A long time ago in one of Bugoloobi’s bungalows, there lived two very black hens. They weren’t originally from Bugoloobi; in fact, they’d had to travel 200 miles on the floor of a Nile Coach bus to get there.
These chickens weren’t predisposed to like one another.They had too much in common. Every cluck, every caw, every wing flap was the same. This annoyed them, but also strengthened their bond.
The family that inhabited their bungalow kept other chickens. Red, white, orange, grey, but no black ones so naturally, they called this pair the ‘blackieblackies’.
Blackie blackies were wild. They did not have it wired into their brains to walk into the chicken house every 6pm. They did not know that the brown dog was friendly and the black dog was evil and fierce.

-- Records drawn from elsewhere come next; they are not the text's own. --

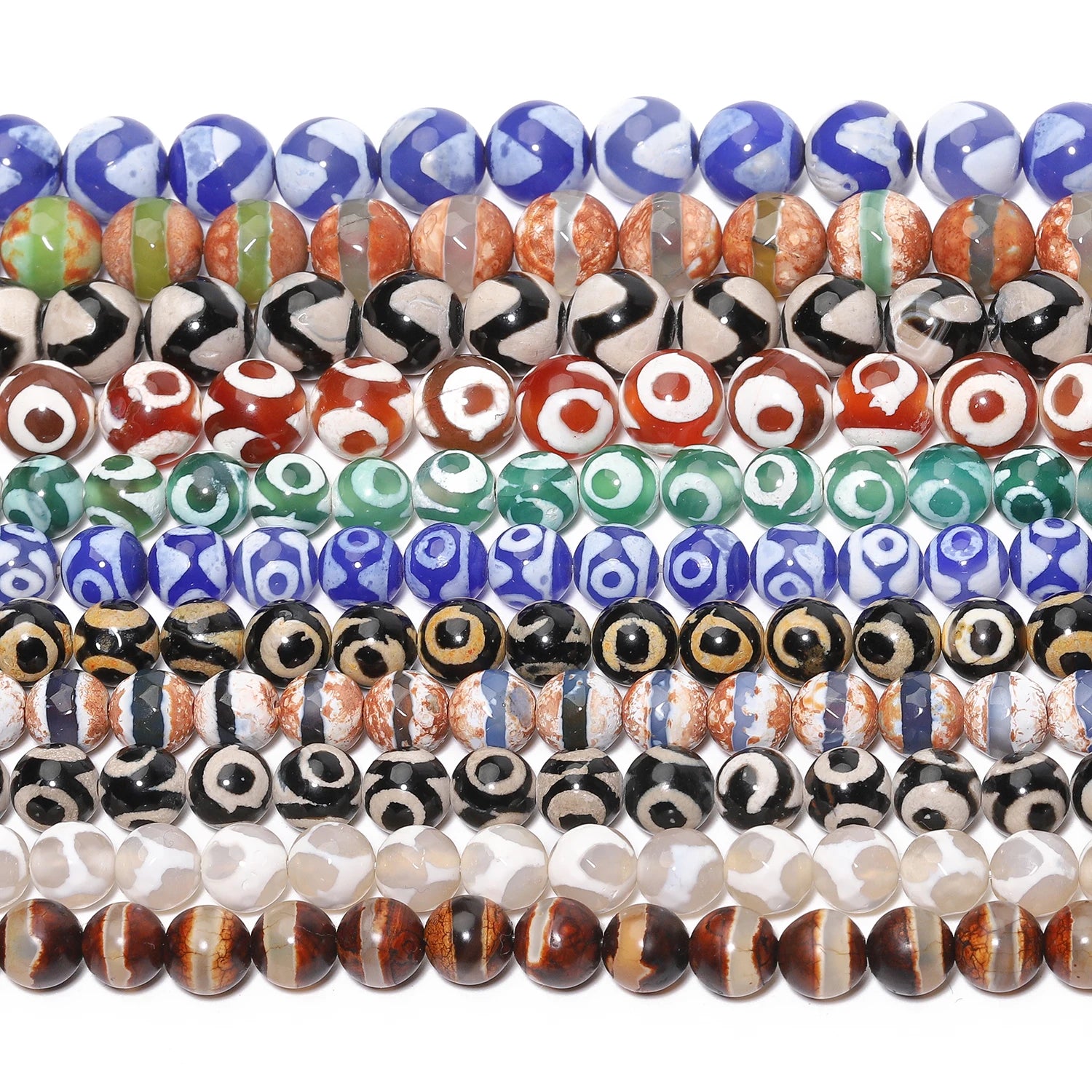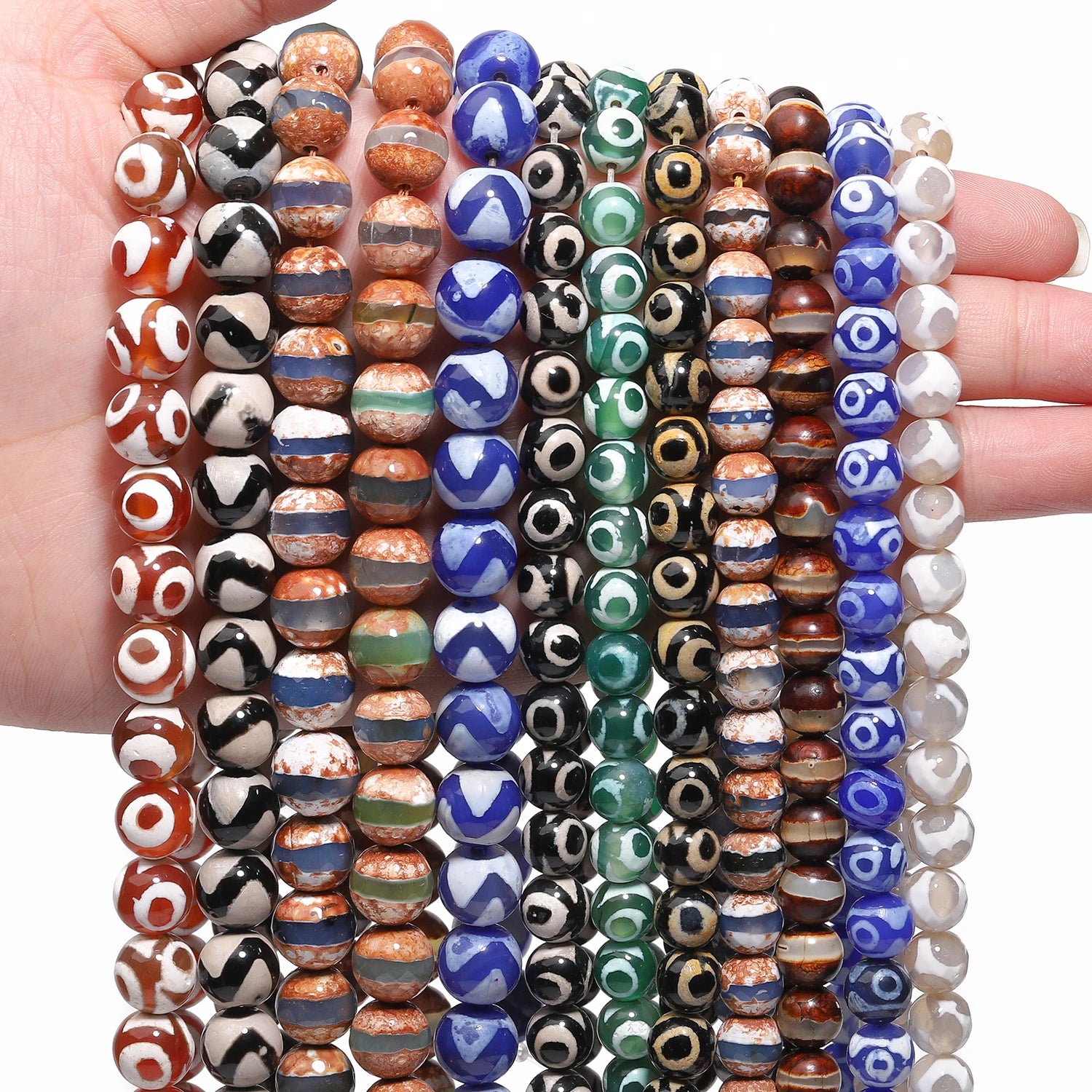 Perles d'agate Dzi naturelles de 6/8/10mm, prière tibétaine, perles rondes anciennes mystiques pour la fabrication de bijoux, accessoires de Bracelet Vintage à faire soi-même
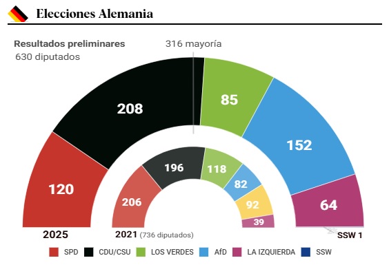 Tras las elecciones celebradas ayer en Alemania, la CDU, liderada por Fiedrich Merz, junto a una estrepitosa derrota del SPD, con Scholz a la cabeza, pero como opción preferida de gobierno entre ambas fuerzas, ya se ha abierto la puerta a una Gran Coalición, dejando fuera a la ultraderechista Alternativa para Alemania, que logró el segundo puesto de los comicios.
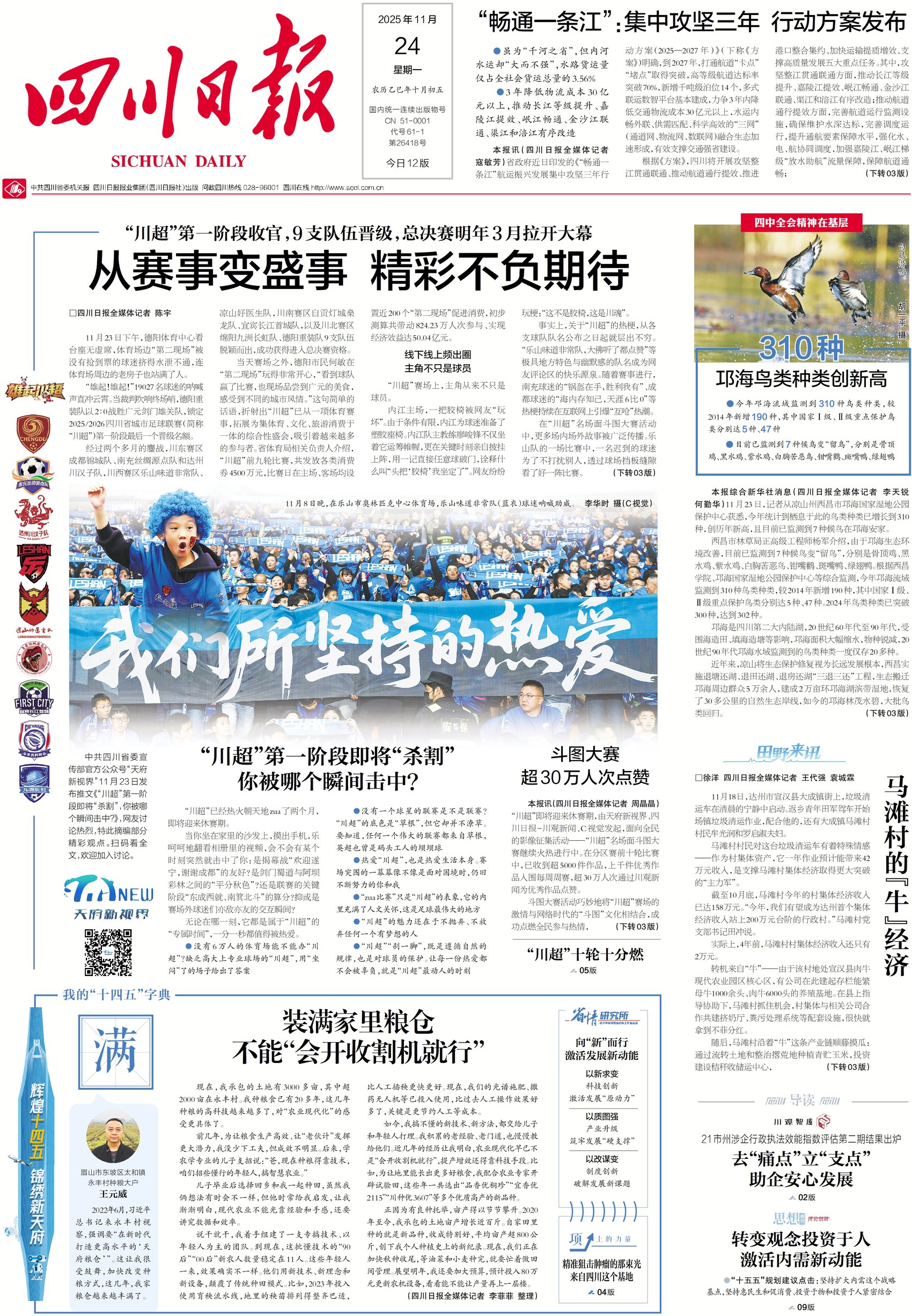 随着德阳体育中心的终场哨声响起,“川超”第一阶段昨日正式收官,德阳重装、成都锦城等9支队伍成功晋级总决赛。两个多月间,“川超”热梗不断,线下线上频频“出圈”,售票系统几次被“挤爆”,线上观看人次超1亿,全网传播量破百亿。各地借机纷纷出招,将“足球流量”变为“城市活力”,串起了文旅消费的链条。今日1版,一起进入“川超”的“专属时间”。
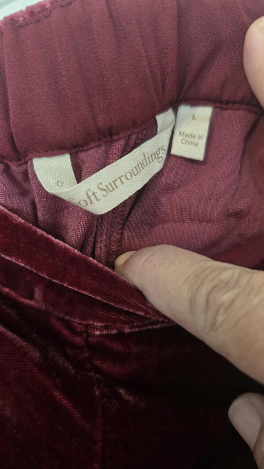 The NWT Large Soft Surroundings Pull On Velvet Pants are a luxurious and comfortable option for women looking for stylish bottoms. Made of polyester with a smooth velvet fabric, these wide-leg pants feature an elastic waist for added comfort and stretch. The dark rust color adds a touch of sophistication to the solid pattern, making them versatile for both casual and dressed-up occasions. With a pull-on closure and regular fit, these pants from Soft Surroundings are a flattering and easy-to-wear addition to any wardrobe.
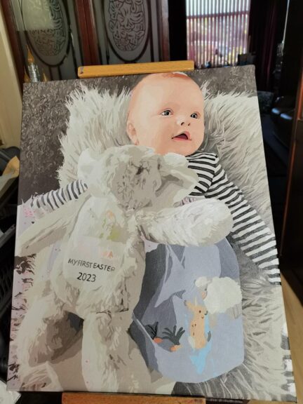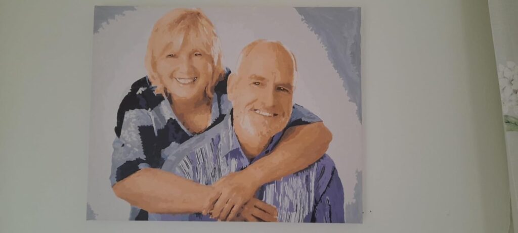 This was my 2nd painting, but first of people, so was apprehensive. The faces are done the last, and I decided if they were rubbish then the recipients wouldn’t get the gift. The eyes and mouths bring it to life, and I was pleased with the result. These cannot be rushed. This took several weeks, but have recently completed another one in 40 hours.
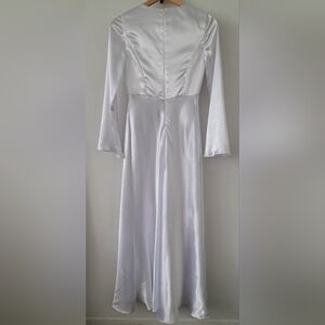 Stunning Aw Bridal white crystal satin Genevra dress with long flared sleeves and empire waist. Ideal for formal occasions.
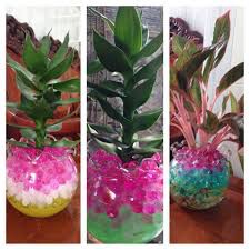 Đối với những loại cây cắm trong nước như Cây sống đời, cây Hoa Đại Hồng Môn, các loại hoa cắt … thì sau khi rửa sạch bụi bạn có thể cắm vào lọ thủy tinh, chậu thủy tinh và cho hạt đất tinh thể và nước vào.
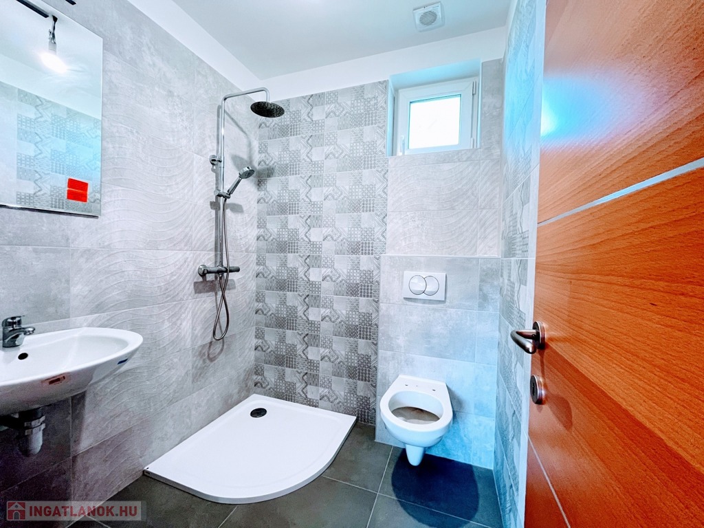 A nagyobb - előszobából nyíló - fürdőszobát káddal szerelték, és szintén az előszobából nyílik a külön wc is.
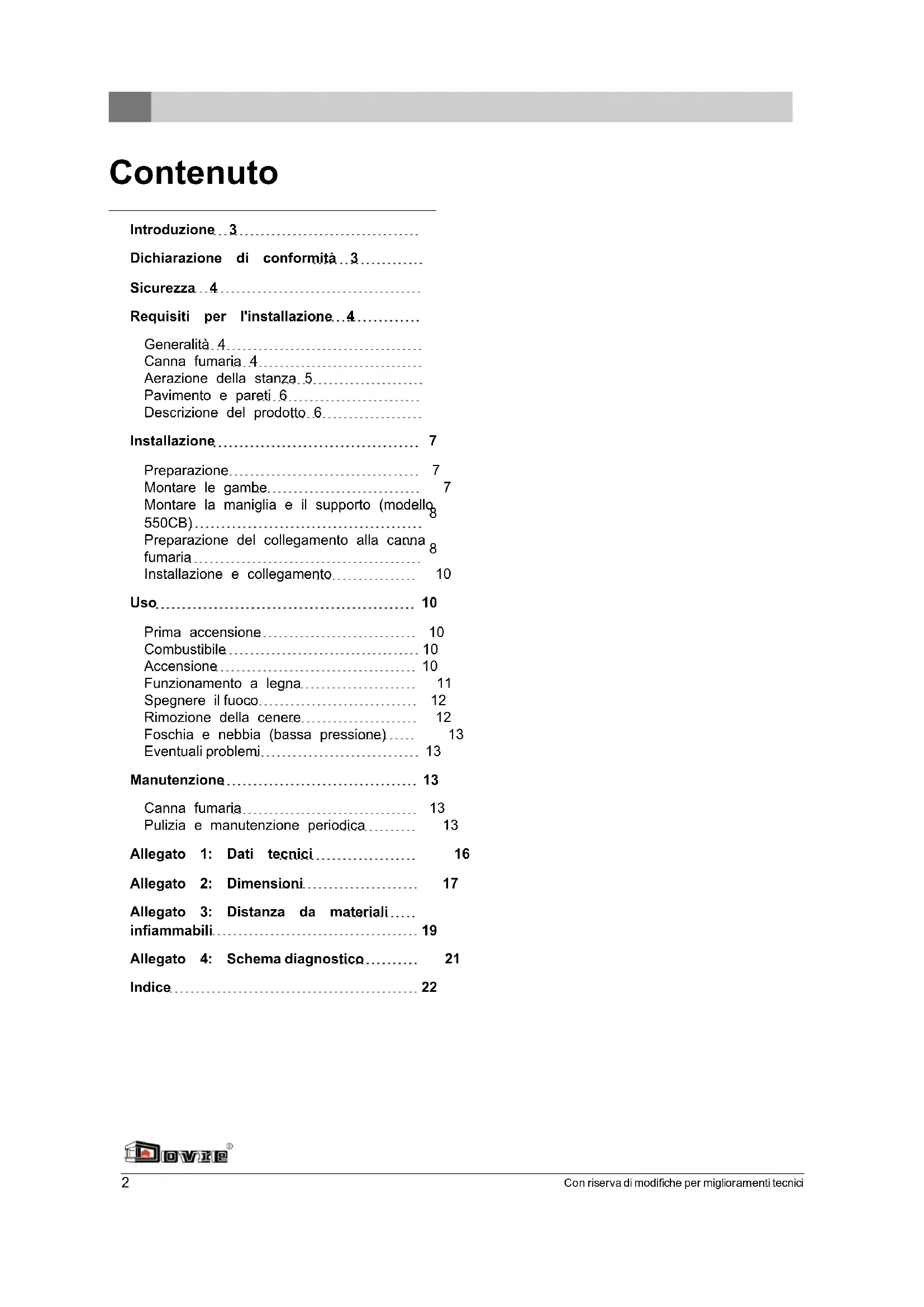 Questo manuale contiene tutte le istruzioni per l'installazione, l'uso e la manutenzione dell'apparecchio da riscaldamento DOVRE. Se desidera ricevere informazioni o dati tecnici aggiuntivi, Le consigliamo di contattare in un primo momento il fornitore dell'apparecchio.
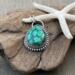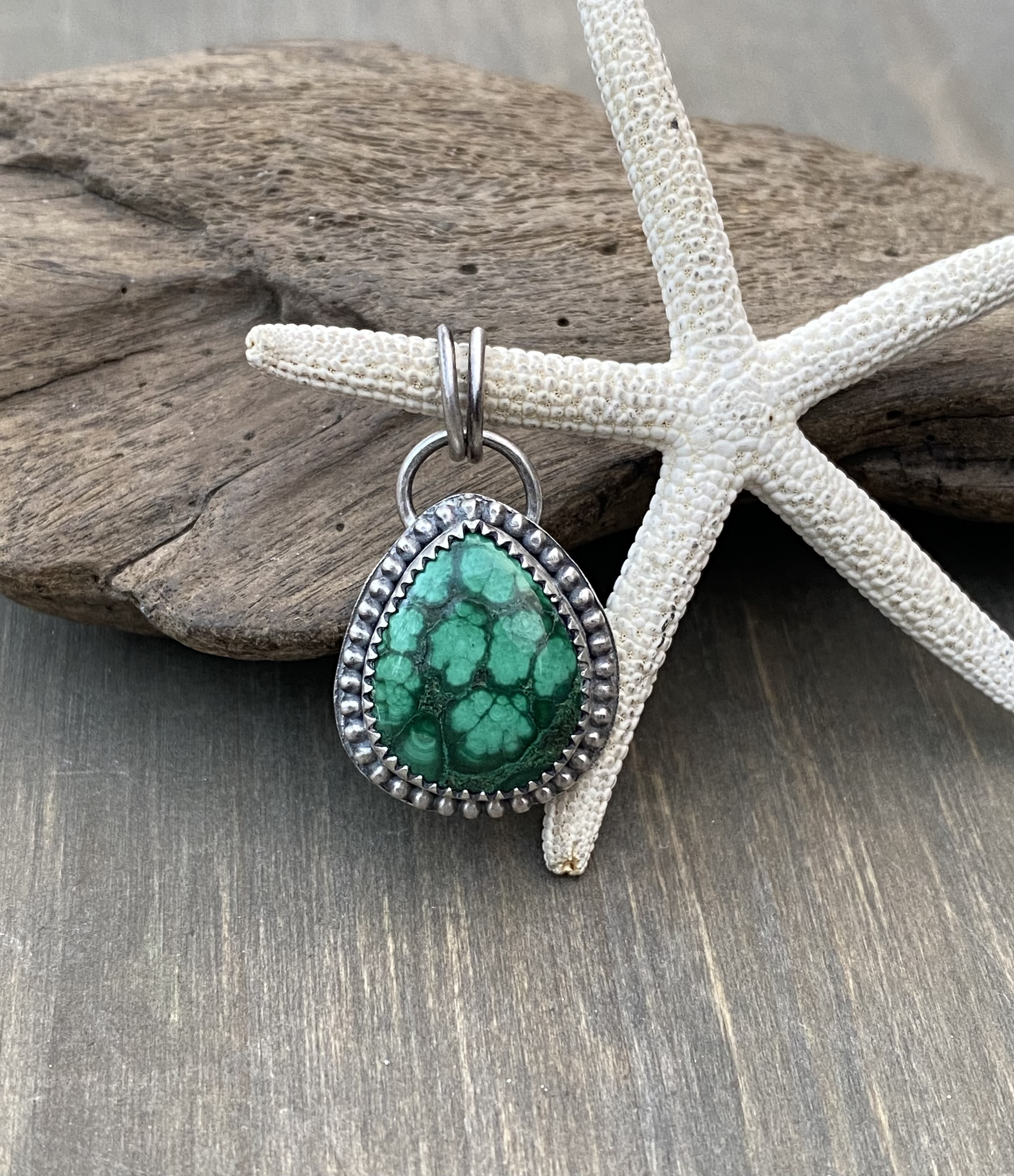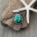 This teardrop stone packs a punch! It’s so pretty! It’s set in .925 sterling silver with a serrated-edge bezel framed by a beaded wire, which I oxidized to let the stone’s color stand out. The healing properties are listed in the photos & will be included with your pendant. Measures 1” x 5/8”. Chain/cord is not included, but can be ordered. Message me for pricing.

They didn’t even want to know because in their opinion, they were far more evolved than the others. They slept in trees!
And then one day as they were strolling like bosses through the gardens of the home, they met a cock. He was fat and handsome. He winked at them both. One blackieblackie ruffled her feathers and crowed with indignation. The other one kept quiet.
They went on peacefully doing their thing; staying away from the rest, keeping different meal times, avoiding both dogs and sleeping in trees, until one blackie said to the other, “I’m having eggs. I’m going to sleep in the chicken house from now on. Catch you later!” and ran into the arms of the fat handsome cock.
Without her friend, lonely blackie became more defiant than before. She swore to herself that she wouldn’t give in to the fey charms of the home’s cocks. She refused to entertain jealous thoughts and minded her own business as best she could.
Meanwhile, sellout blackie was fatter and happier than ever before. She hatched her eggs into a dozen chicks of many colors and became friendly with the other chickens. She still walked with lonely blackie, but not as often before. Besides, lonely blackie was always saying terrible things about her babydaddy, like, “You can do so much better! Remember how fantastic your exes looked!”
But after a while, lonelyblackie started to have a change of heart. Whereas it’s fun to feel better than everybody else, cleverer, more evolved, it sucks to be alone. She wanted her behind to swell like sell-out blackie’s. She wanted to have friends to fight over bread crumbs with. She experienced a curious jolt whenever she saw the other hens sitting on their chicks to protect them from kites. She wanted babies! So she came up with a plan.The next time she met a cock, she’d cluck flirtatiously.
This happened soon enough. They met, she clucked, he laughed out loud. When this happened three more times, she started to entertain doubts. Was she ugly? No. Maybe that just wasn’t a good day for cock-hunting. Besides, sell-out blackie looked exactly like her and look how many cocks now wanted to merge DNA with her.
The next week wasn’t much different. Lonely blackie failed to find love. She decided to escape and seek her fortune outside that gate. She flew onto the wall and threw herself over.
This is a true story, by the way.
There’s a card on someecards.com that reads something like: I hope your recent bout of happiness doesn’t ruin our mutually beneficial relationship based on complaining.
The truest test of friendship is whether or not you remain friends when good things happen to only one of you.